So after some more research, it appears to me that what they (e.g. the SAM paper) refer to as "topic proportion" is actually alluding the normalized posterior Dirichlet parameters $\gamma^\ast(\mathbf w_d)$ for the topic distribution $\theta_d$ in document $\mathbf w_d$. That the normalized $\gamma^\ast(\mathbf w_d)$ is the expected topic proportion is due to the formula of the mean of Dirichlet distribution -- given $\boldsymbol x \sim \text{Dirichlet}(\boldsymbol x \mid \boldsymbol\alpha)$, $\mathbb E[x_k] = \alpha_k / \sum_{k'} \alpha_{k'}$. Indeed, the authors must be referring to a parameterization of the raw topic proportion since it is a random variable!

In scikit-learn (after version 0.18), you may obtain the topic proportion by:

from sklearn.decomposition import LatentDirichletAllocation

X = ...  # your data
topic_proportion = LatentDirichletAllocation().fit_transform(X)

One caveat about the snippet, though, is that I haven't confirmed the theory against scikit-learn source code.

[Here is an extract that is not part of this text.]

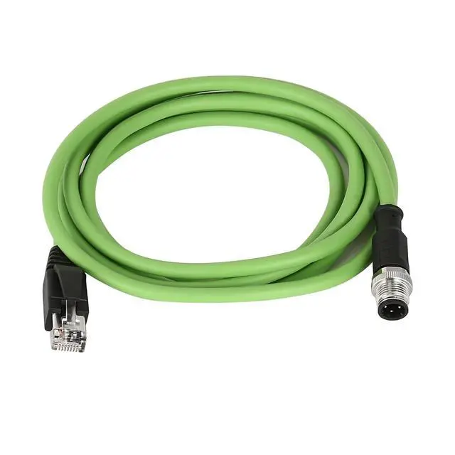 M12 to RJ45 Ethernet CableFeatures RJ45 Male connector on one end and M12 D-Code 4-pin male connector on the other. Built with Cat5e 26 AWG cable, Green PUR jacket, and flame-retardant insulation. Operating temperature range: -40°C to +85°C. IP67 rated and 100% shielded. Professional factory support for custom wire lengths, connector types, and specifications.

You may find the answer in the original LDA paper by Blei et al. (2003). In section 7.2, the authors proposed to use the posterior Dirichlet parameters $\gamma^\ast(\mathbf w)$, i.e. the variational parameters of the topic proportion of the document $\mathbf w$, as the reduced-dimensionality features.

However, as suggested by @yassem, and also in some other topic model papers, e.g. Reisinger et al. (2010), the SAM paper, adopting directly the topic proportion is also a valid choice.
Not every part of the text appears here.